*ABOUT THIS EXERCISE*: Starting at the line that contains "한국인의 삶의 의미는? 3위 가족, 2위 건강, 1위 '이것'" in the listing below, write out every line word for word until you have written the line that contains "Auke Hylkema en".

*PROVIDED ENTRIES*:
+++++
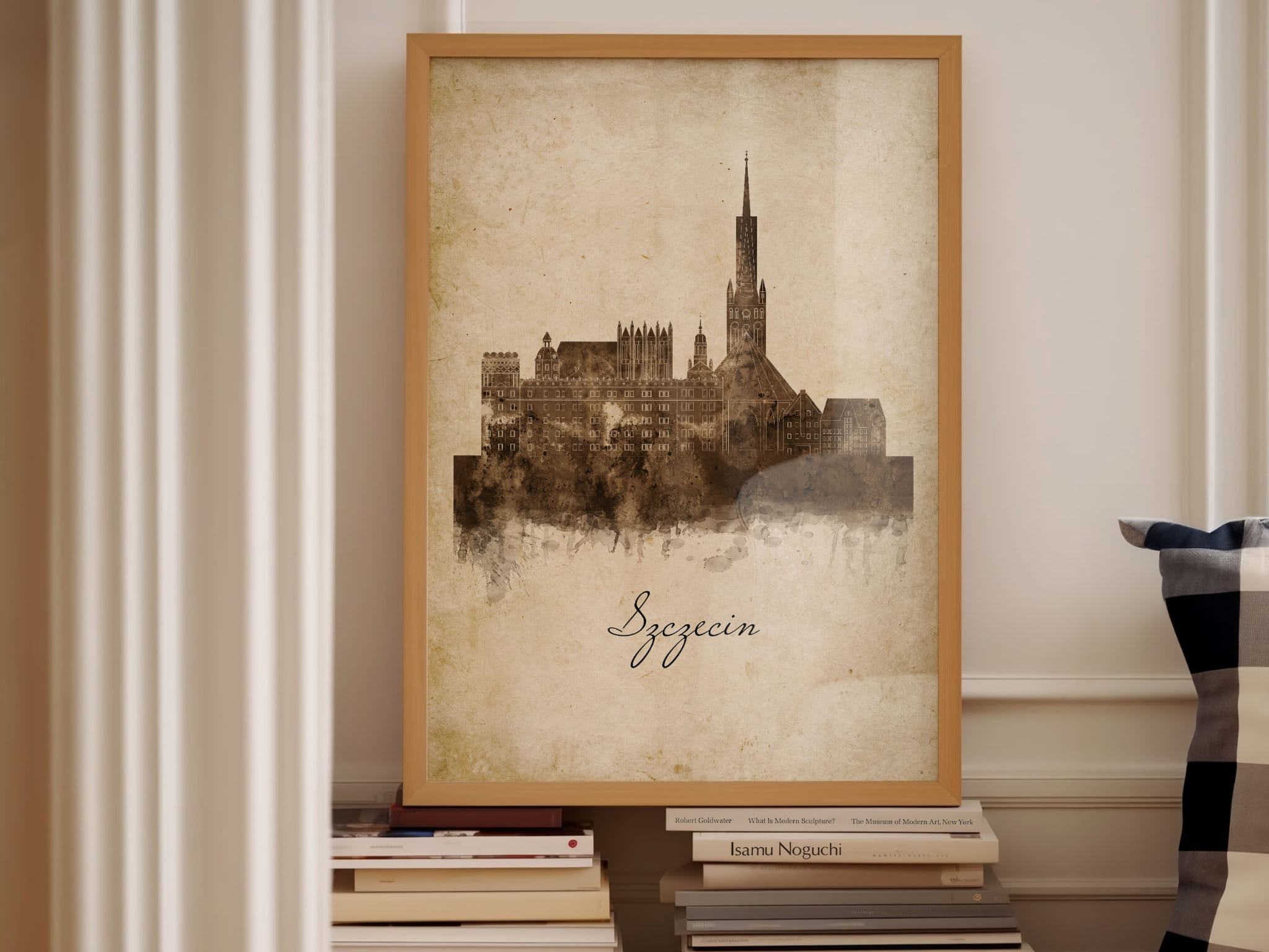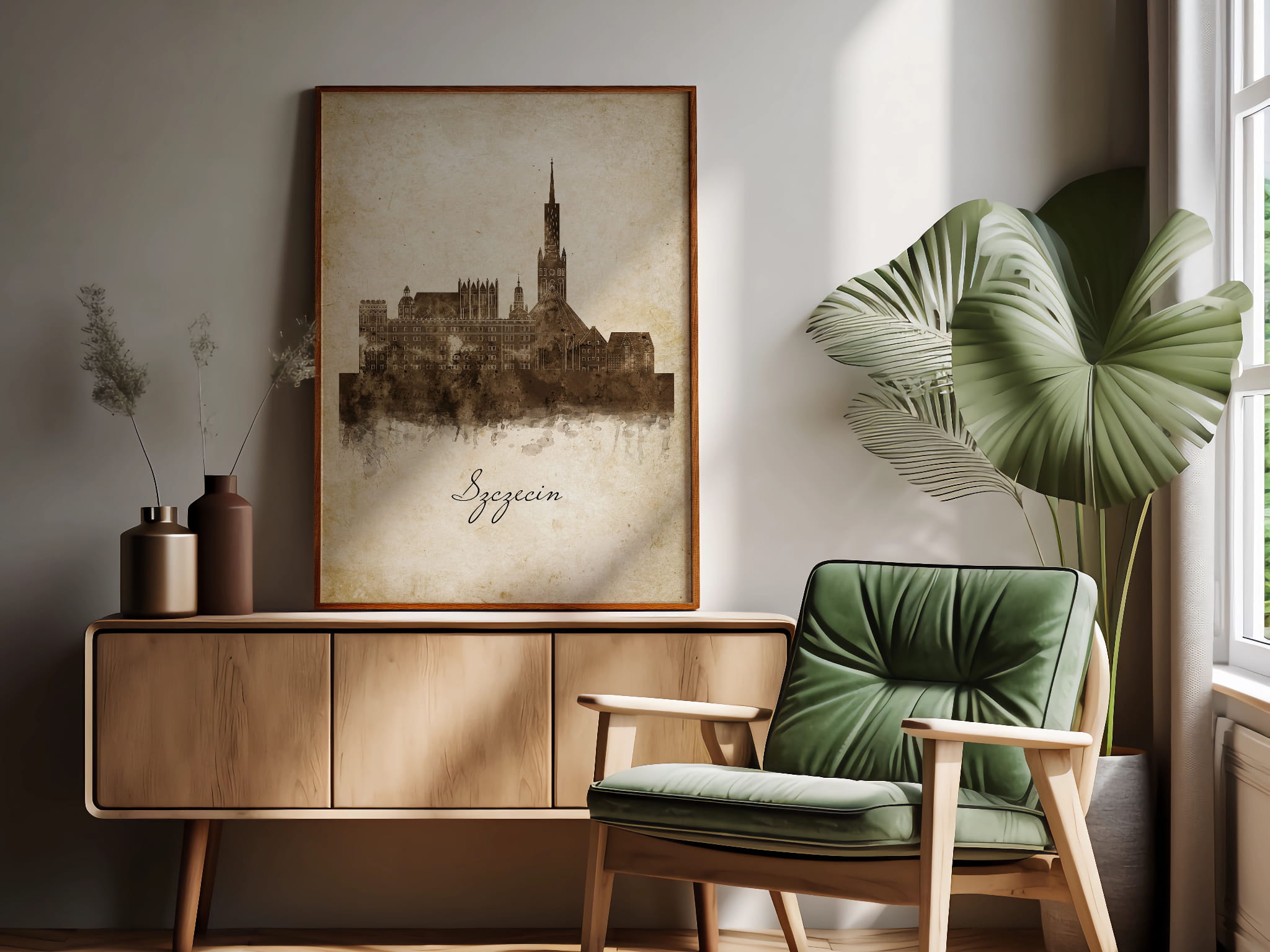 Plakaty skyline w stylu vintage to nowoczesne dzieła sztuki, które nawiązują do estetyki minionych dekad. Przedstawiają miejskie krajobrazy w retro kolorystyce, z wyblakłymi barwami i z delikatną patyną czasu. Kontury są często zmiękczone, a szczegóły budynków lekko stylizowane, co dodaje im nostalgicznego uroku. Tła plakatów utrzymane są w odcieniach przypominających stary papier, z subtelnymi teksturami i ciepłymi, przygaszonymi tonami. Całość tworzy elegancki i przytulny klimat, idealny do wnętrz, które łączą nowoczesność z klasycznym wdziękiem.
+++++
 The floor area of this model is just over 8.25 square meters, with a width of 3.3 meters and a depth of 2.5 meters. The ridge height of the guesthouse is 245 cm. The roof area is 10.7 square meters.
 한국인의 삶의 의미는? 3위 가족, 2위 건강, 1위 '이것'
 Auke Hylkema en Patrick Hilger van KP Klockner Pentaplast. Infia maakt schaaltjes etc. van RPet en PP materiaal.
+++++
*RESULT BELOW*:
 한국인의 삶의 의미는? 3위 가족, 2위 건강, 1위 '이것'
 Auke Hylkema en Patrick Hilger van KP Klockner Pentaplast. Infia maakt schaaltjes etc. van RPet en PP materiaal.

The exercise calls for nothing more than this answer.